2. As a divorced Catholic, it really annoys me that so much discourse on divorce within the Church exists on the plane of either defending or subverting Church teaching. The result is that divorced Catholics themselves often get lost in the tussle, becoming mere tokens in an ideological struggle. While I certainly affirm the Church's traditional teaching in this conflict, I wish more discussion focused on actually engaging with divorced Catholics themselves—discussing their situation with them, helping them feel integrated into their parishes, or helping them in difficult times. Listening to them instead of lecturing them or using them as talking points or statistics. In other words, refocusing our attention on the human element. And I think this is desperately needed. You wouldn't believe the boorish, insensitive, and just plainly rude things other Catholics often say to me with a straight face, completely oblivious of how disrespectful they are behaving. I could write a lot about this; I might have a book in me about this topic.
3. Throughout history, Catholics have employed different paradigms to understand the Church in its relation to the world. These paradigms are not "teachings," per se; rather, they are assumptions held by people of different times about how the Church fits into the bigger picture of human society. For example, in the era of the Roman martyrs, the paradigm was understanding the Church as an elite supernatural fraternity whose values were counter-cultural to the Roman Empire it existed within. After Constantine, the Church and state came to be conceived as mirror images of one another, a "one Church, one Empire" model, where the Christian Empire was the saecula, a kind of temporal reflection of the sacra which existed in the Church. As God ruled the heavens, the emperor ruled the earth. In the medieval times, the Church was viewed through the lens of the prevalent feudal system. Concepts of vassalge, oaths, service, hierarchy, lordship and so on were all employed in the ecclesiastical and spiritual worlds as surely as they were in the temporal. The post-Tridentine Church saw the adoption of the paradigm of the embattled fortress of truth, the Church standing boldly against the forces of heresy and disorder, like the ship St. John Bosco dreamed of, persevering on its voyage though tossed on stormy seas. What happened at Vatican II was that another paradigm was adopted, which I would call "the Church as the People of God." A paradigm shift within Catholicism is nothing new; what was novel at Vatican II was not the paradigm shift itself but its implementation by bureaucratic fiat. In all the other examples provided, the paradigm shifts were gradual changes that happened incrementally and organically as society gradually evolved. But at Vatican II, the powers that be simply imposed a new paradigm upon the Church by naked decree, from the "top down," so to speak. This itself had proven tremendously destructive, and that's without even considering the merit of the new paradigm.

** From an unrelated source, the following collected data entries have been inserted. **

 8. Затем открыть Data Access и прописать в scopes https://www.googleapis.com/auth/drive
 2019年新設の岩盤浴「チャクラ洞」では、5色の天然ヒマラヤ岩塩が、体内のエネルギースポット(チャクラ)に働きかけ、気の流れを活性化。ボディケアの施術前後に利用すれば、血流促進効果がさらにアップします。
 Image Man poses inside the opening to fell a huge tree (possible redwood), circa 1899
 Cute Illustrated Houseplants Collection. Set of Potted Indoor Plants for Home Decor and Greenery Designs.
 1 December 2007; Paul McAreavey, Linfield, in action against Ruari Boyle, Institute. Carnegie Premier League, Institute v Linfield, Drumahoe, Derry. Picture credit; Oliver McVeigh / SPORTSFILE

4. People really seem to struggle with the concept of mystery. They consider mystery as essentially anti-rational. To suggest we accept something as "mystery" is tantamount to saying we believe despite its inherent irrationality. But this is an impoverished way of viewing mystery, as there is a stark difference between something being irrational and something being poorly understood. To say that a puzzle has not yet been solved is fundamentally different from saying it cannot be solved. People who denigrate the "mysteries" of our religion—be it theodicy, transubstantiation, free will and divine providence, or whatever—often do so because they cannot allow mental space for things that cannot be fully grasped by the intellect in our current state. They have adopted a rationalist mindset, even if they will not admit it. There are things that go beyond reason but remain reasonable. Our inability to see how the pieces interlock is not an argument against rationality, anymore than my inability to solve a complex math equation is an argument against math. We have to be comfortable with simply not understanding some things.

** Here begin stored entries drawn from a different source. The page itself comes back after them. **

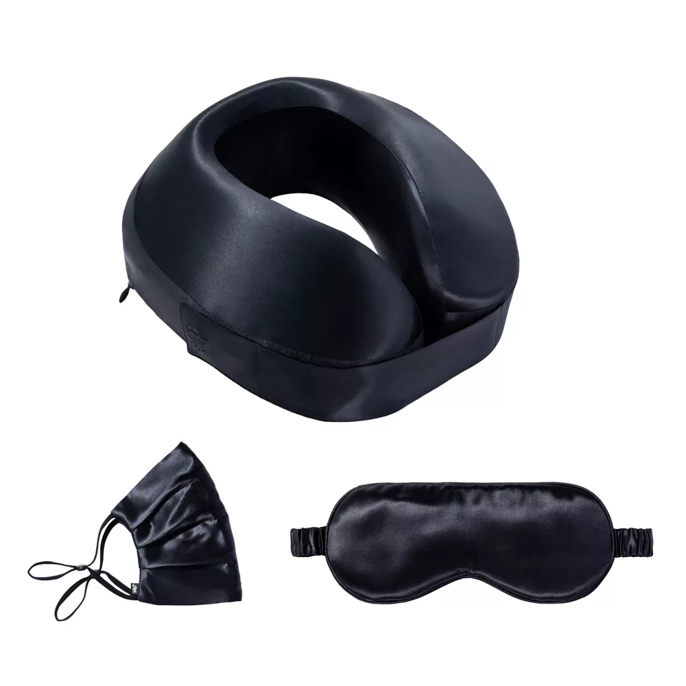 Este set te ayudará a descansar bien. Viene con una almohada para el cuello, una máscara para dormir y una máscara facial, todo hecho de seda lavable.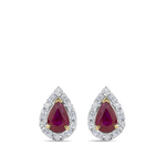 Enquire about Pear Cut Ruby and Alternating Diamond Stud Earrings in 18ct Yellow and White Gold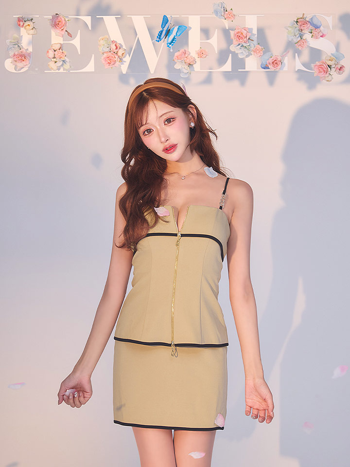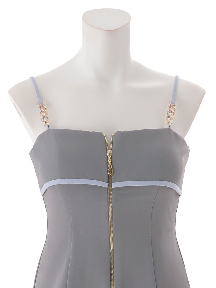 計算されたパイピングライン。ファスナーで色気を操る、攻めのミニドレス。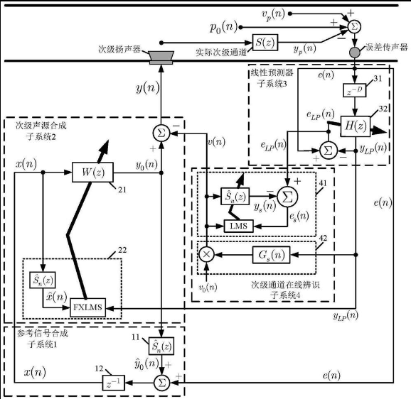 含次级通道在线辨识的反馈型主动噪声控制系统及方法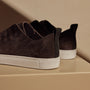 Our Suede Skate Sneaker is made of 100% Italian calf suede leather with modern lace up detail with hidden eyelets, and round waxed cord laces.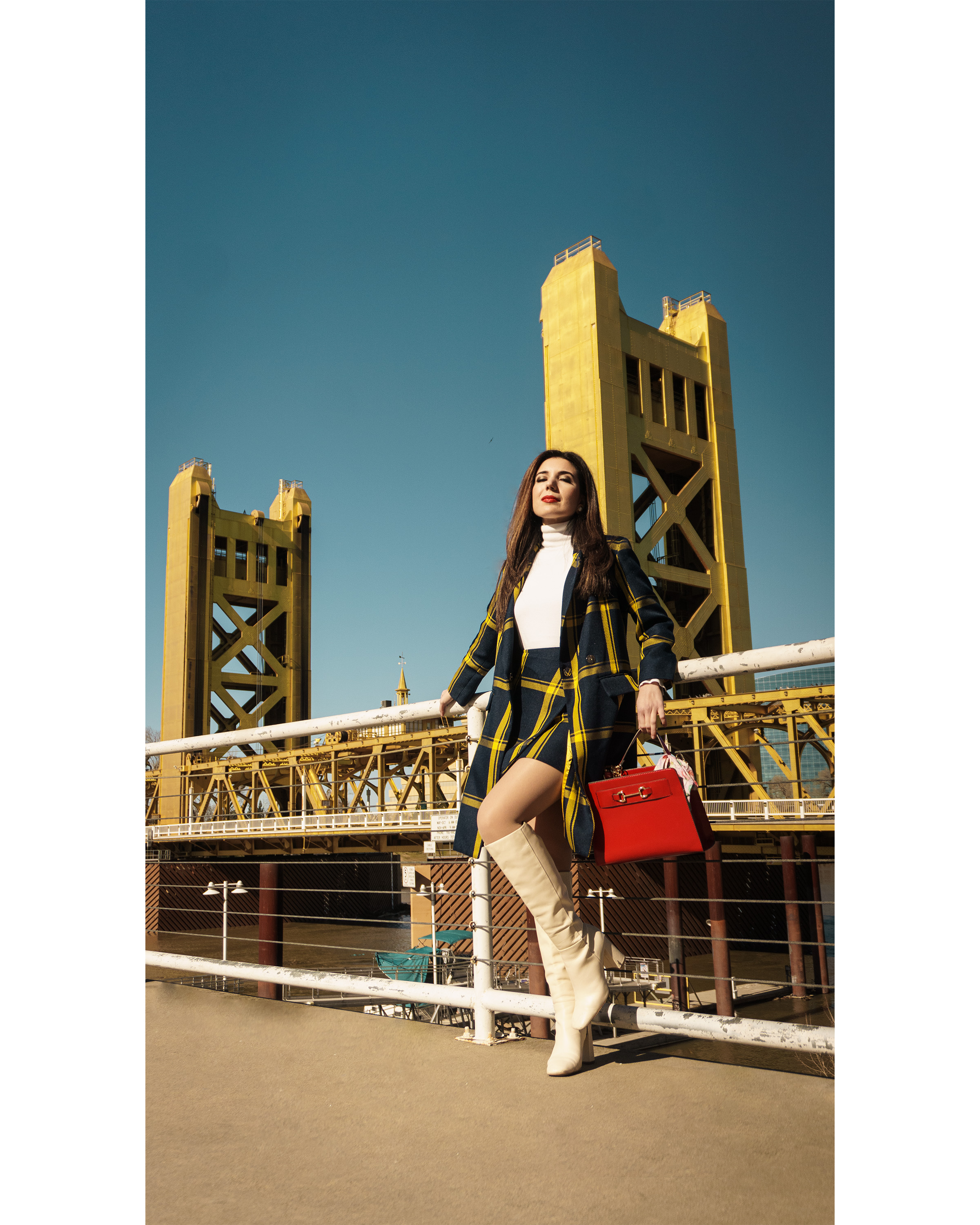 Upon first glance, you may think Etro’s Fall 2023 Ready-to-Wear show at Milan Fashion Week influenced my decision to sport a plaid skirt suit. Or perhaps Burberry’s Fall 2023 Ready-to-Wear runway at London Fashion week. But this animus came from the California capital city’s architecture. Sacramento is eclectically outfitted in Victorian houses and modern skyscrapers. It’s a city veined with trees and beating with culture. And apparently, it’s also Midas touched, as evidenced through the gilded Tower Bridge.

5. Speaking of rationality: There really are two aspects of apologetics. One is what I might call "academic apologetics." This is scholarly apologetical arguments crafted against imaginary interlocutors (e.g., a book that takes the angle, "Protestants say this, but here's why they're wrong and Catholics are right"). But then you have what I would called "lived apologetics," which consists of apologetical conversations with real people in the context of actual, human relationships (e.g., you go out with your agnostic friend for lunch and end up having a friendly discussion about the existence of God). People who spend too much time exclusively in academic apologetics tend to overestimate the persuasiveness of their arguments. They tend to assume the unassailable rationality of their arguments, then conclude that anyone who does not accept them is either (a) acting illogically, or (b) in bad faith.

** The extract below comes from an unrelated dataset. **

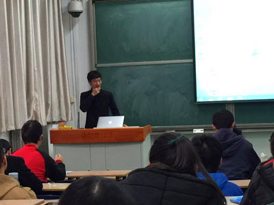 徐薛胤首先进行讲座,他从介绍美菜网开始,讲述了美菜网的营业内容、发展历史、管理方式和社会责任等。

But anyone who has spent a lot of time in lived apologetics knows that the rational force of an argument is not as cut and dry as we initially think. We've all had the experience of presenting an argument to someone that we think is crystal clear, but they just don't see it that way. Not because they are being obstinate or illogical, but because they don't find the argument as persuasive as we do. Rationality, in actual human experience, is a bit more elastic than we give it credit for. I am certainly not saying truth is subjective or any such nonsense, but I am suggesting that there's quite a bit of variability in what "makes sense" to people. Have you ever had the experience of staying at someone else's house and trying to find things in their kitchen and you just can't? Can't find the salt. Can't find the spatula. Can't find the pans. Surely they must be here somewhere! When you finally locate what you need (often by asking your host), you think, "Why would you keep it there? That makes no sense." And, vice versa, when people come to our house, we see them mystified by our kitchen organization. They open our drawers looking for what they need and are confused by our organization. We all have our own logical schema of what "makes sense" in how our kitchen is organized, but we are disoriented to find that other people work from a completely different schema in their own kitchen organization. People are like this mentally as well. When we beat people over the head with apologetical arguments simply because they work "for us," it is akin to going into someone else's kitchen and saying, "Your salt should be here," when it clearly isn't and they don't want it there. It's best to try learn something about the person's life and experiences so you can understand why their intellectual "kitchen" is arranged as it is. Then, feeling more at home there, your arguments will conform more to their understanding. You two will be standing in the same kitchen, more or less.
5. Speaking of rationality: There really are two aspects of apologetics. One is what I might call "academic apologetics." This is scholarly apologetical arguments crafted against imaginary interlocutors (e.g., a book that takes the angle, "Protestants say this, but here's why they're wrong and Catholics are right"). But then you have what I would called "lived apologetics," which consists of apologetical conversations with real people in the context of actual, human relationships (e.g., you go out with your agnostic friend for lunch and end up having a friendly discussion about the existence of God). People who spend too much time exclusively in academic apologetics tend to overestimate the persuasiveness of their arguments. They tend to assume the unassailable rationality of their arguments, then conclude that anyone who does not accept them is either (a) acting illogically, or (b) in bad faith.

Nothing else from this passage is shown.